SOURCE MATERIAL:
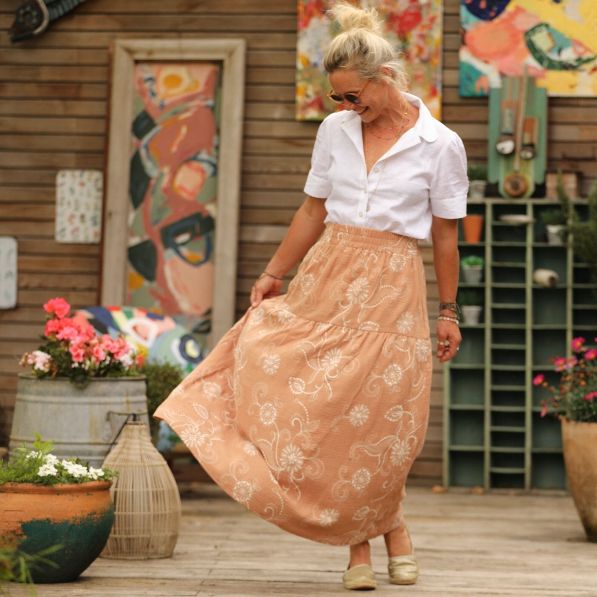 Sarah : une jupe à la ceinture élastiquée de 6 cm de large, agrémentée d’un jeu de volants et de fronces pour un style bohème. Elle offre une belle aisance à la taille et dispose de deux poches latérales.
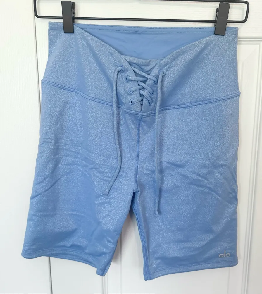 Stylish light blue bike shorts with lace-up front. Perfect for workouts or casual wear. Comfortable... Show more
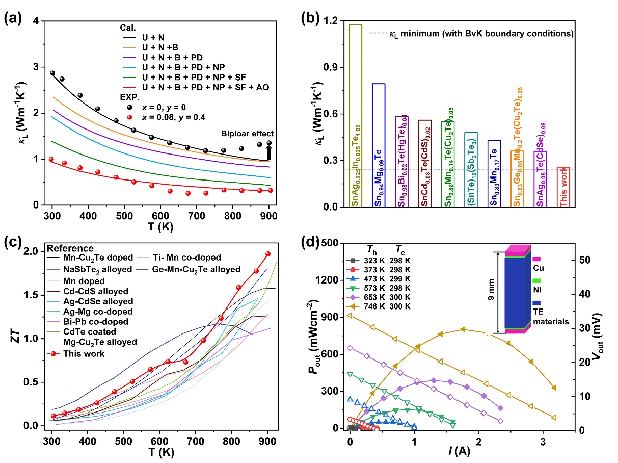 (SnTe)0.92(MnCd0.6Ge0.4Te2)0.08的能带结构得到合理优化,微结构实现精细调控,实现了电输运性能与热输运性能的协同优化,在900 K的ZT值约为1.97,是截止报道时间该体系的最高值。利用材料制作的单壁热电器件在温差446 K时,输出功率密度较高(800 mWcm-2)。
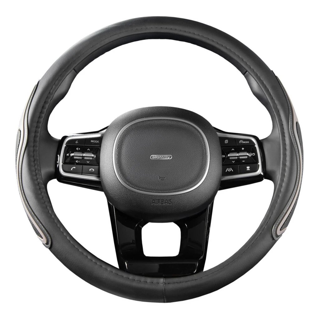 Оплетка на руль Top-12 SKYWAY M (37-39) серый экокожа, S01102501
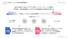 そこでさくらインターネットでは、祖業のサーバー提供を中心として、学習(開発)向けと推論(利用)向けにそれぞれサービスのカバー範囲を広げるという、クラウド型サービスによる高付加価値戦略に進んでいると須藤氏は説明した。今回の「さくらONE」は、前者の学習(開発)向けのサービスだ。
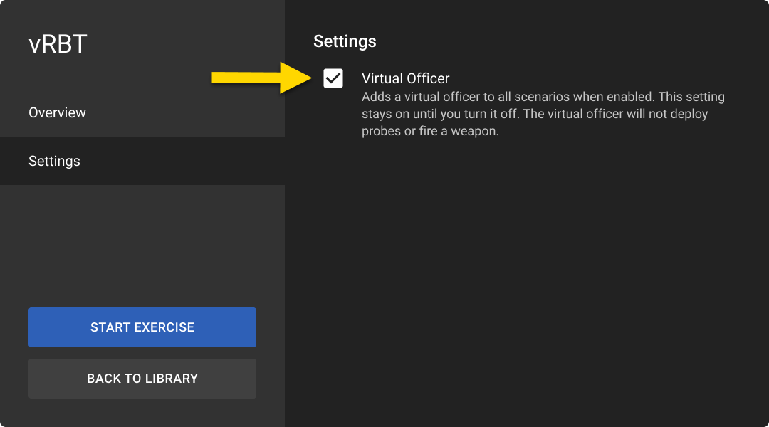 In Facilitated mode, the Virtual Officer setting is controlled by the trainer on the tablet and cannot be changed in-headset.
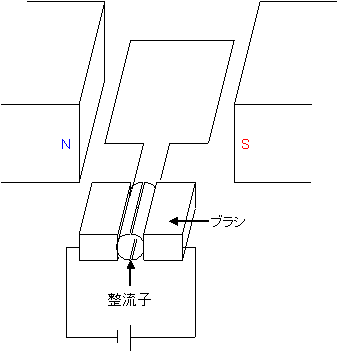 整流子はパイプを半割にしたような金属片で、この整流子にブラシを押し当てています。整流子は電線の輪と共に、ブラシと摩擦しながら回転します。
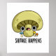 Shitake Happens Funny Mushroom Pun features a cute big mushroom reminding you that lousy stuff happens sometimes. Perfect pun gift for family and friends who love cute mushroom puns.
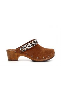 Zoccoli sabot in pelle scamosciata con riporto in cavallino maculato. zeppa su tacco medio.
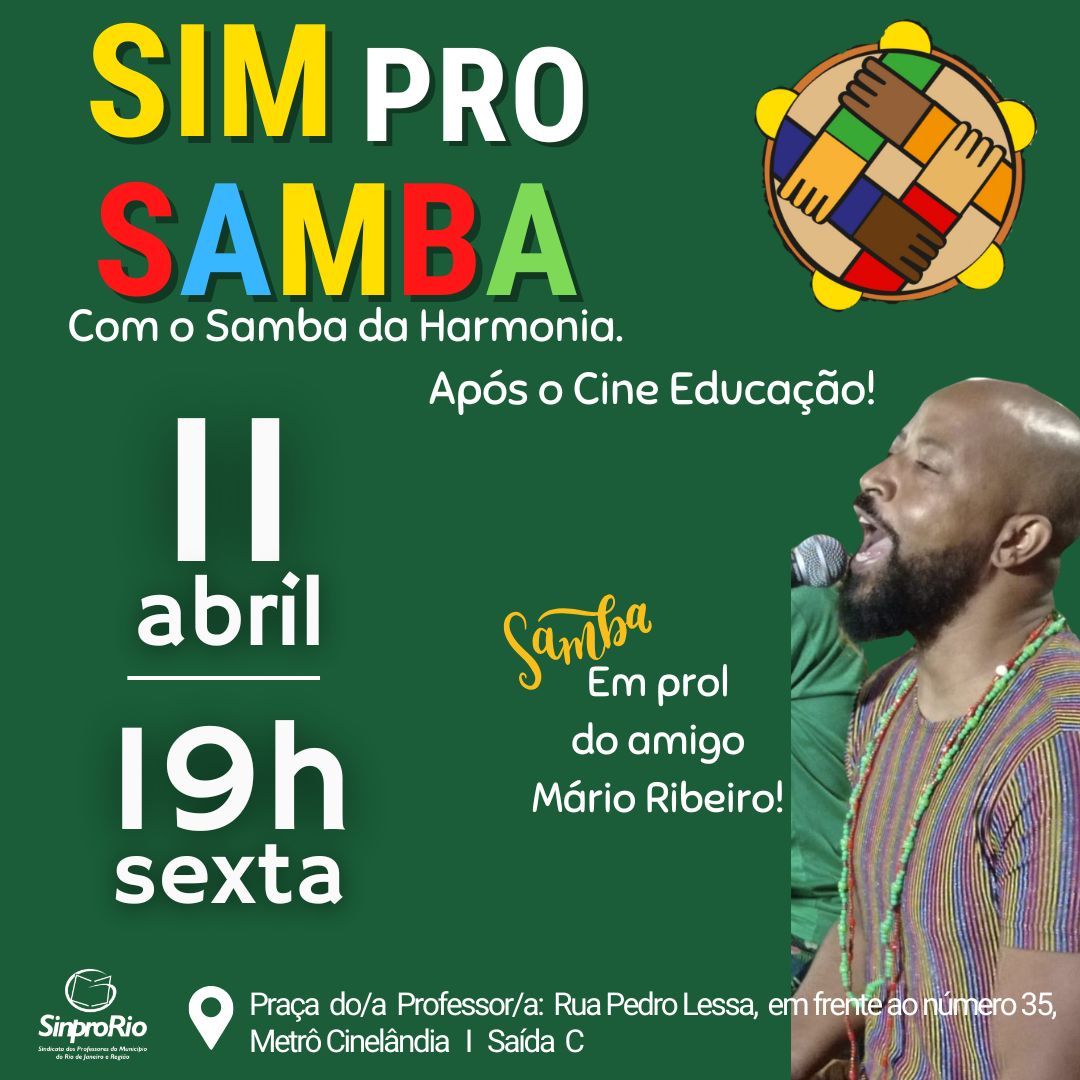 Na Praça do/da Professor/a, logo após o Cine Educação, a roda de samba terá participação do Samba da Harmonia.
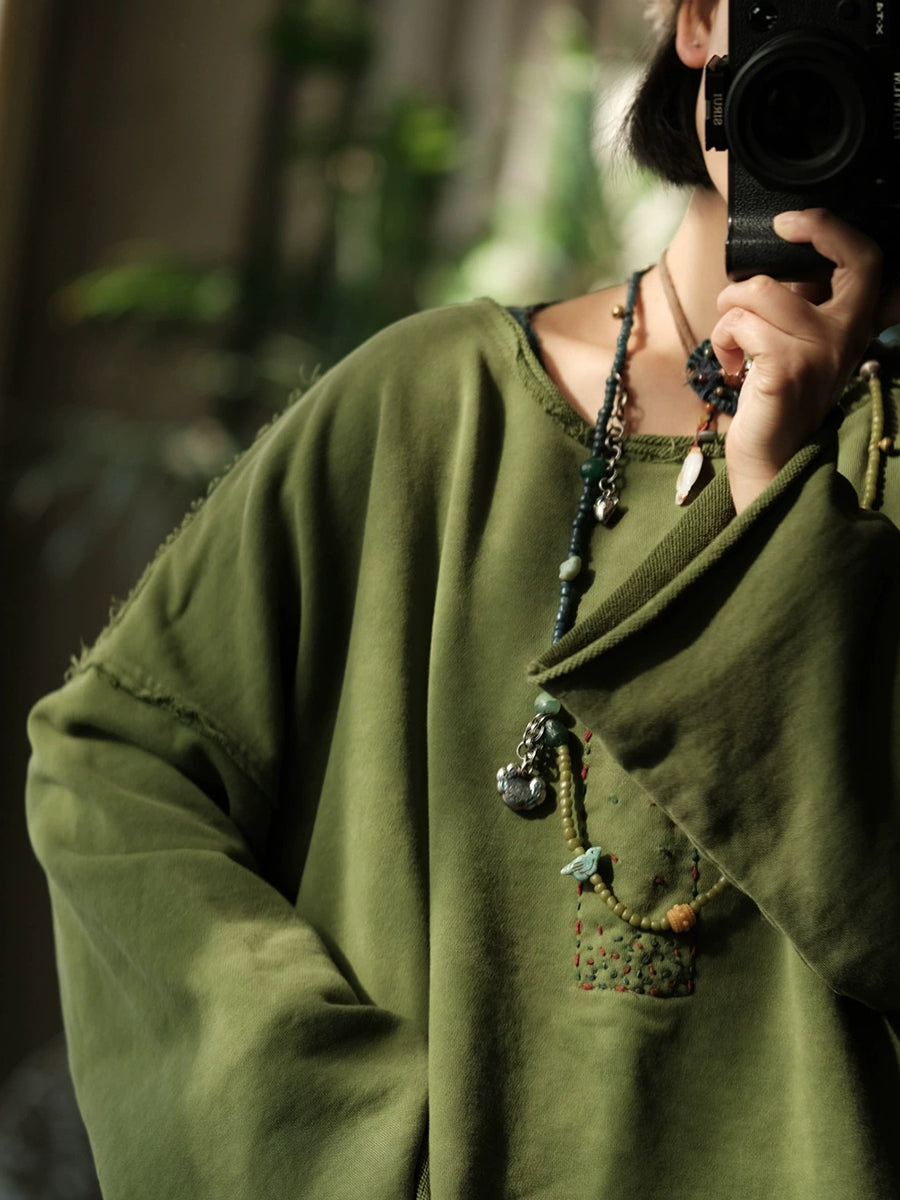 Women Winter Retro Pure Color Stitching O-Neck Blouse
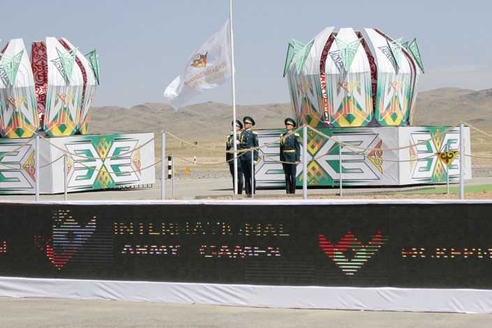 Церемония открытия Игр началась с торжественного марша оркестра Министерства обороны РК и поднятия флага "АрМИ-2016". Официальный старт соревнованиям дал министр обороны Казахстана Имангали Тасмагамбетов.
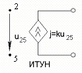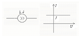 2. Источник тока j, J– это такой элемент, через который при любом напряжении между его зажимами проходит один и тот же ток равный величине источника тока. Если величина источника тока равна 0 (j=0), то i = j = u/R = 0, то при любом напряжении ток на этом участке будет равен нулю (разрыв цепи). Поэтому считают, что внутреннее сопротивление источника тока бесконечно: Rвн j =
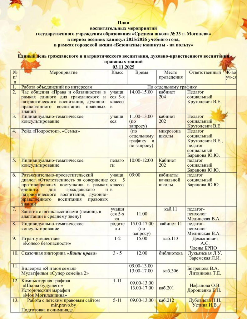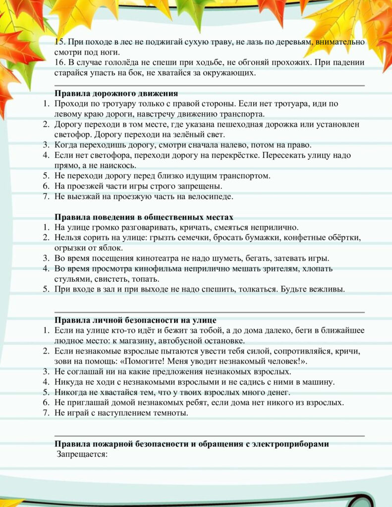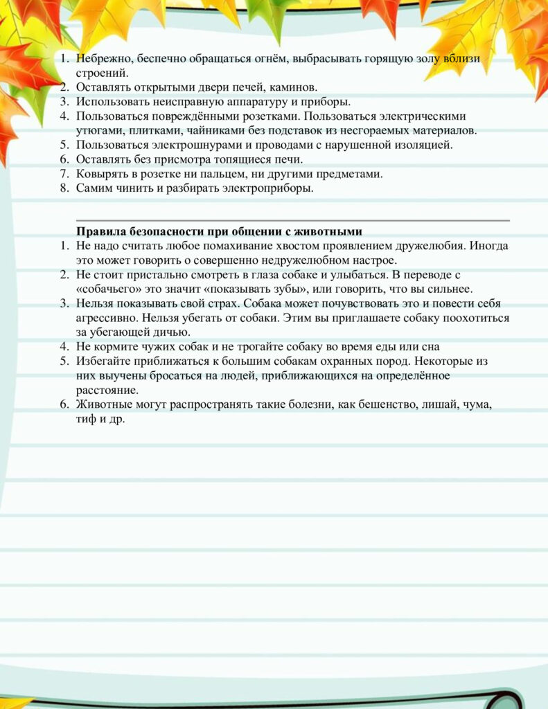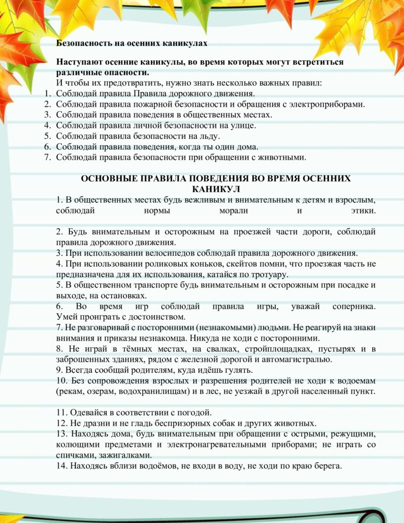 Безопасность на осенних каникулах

WORK TO BE COMPLETED: Nothing should be printed except the lines from the one with "In Facilitated mode, the" through the last line of the listing above, both ends included; please drop the pictures.

RESULT:
 In Facilitated mode, the Virtual Officer setting is controlled by the trainer on the tablet and cannot be changed in-headset.
 整流子はパイプを半割にしたような金属片で、この整流子にブラシを押し当てています。整流子は電線の輪と共に、ブラシと摩擦しながら回転します。
 Shitake Happens Funny Mushroom Pun features a cute big mushroom reminding you that lousy stuff happens sometimes. Perfect pun gift for family and friends who love cute mushroom puns.
 Zoccoli sabot in pelle scamosciata con riporto in cavallino maculato. zeppa su tacco medio.
 Na Praça do/da Professor/a, logo após o Cine Educação, a roda de samba terá participação do Samba da Harmonia.
 Women Winter Retro Pure Color Stitching O-Neck Blouse
 Церемония открытия Игр началась с торжественного марша оркестра Министерства обороны РК и поднятия флага "АрМИ-2016". Официальный старт соревнованиям дал министр обороны Казахстана Имангали Тасмагамбетов.
 2. Источник тока j, J– это такой элемент, через который при любом напряжении между его зажимами проходит один и тот же ток равный величине источника тока. Если величина источника тока равна 0 (j=0), то i = j = u/R = 0, то при любом напряжении ток на этом участке будет равен нулю (разрыв цепи). Поэтому считают, что внутреннее сопротивление источника тока бесконечно: Rвн j =
 Безопасность на осенних каникулах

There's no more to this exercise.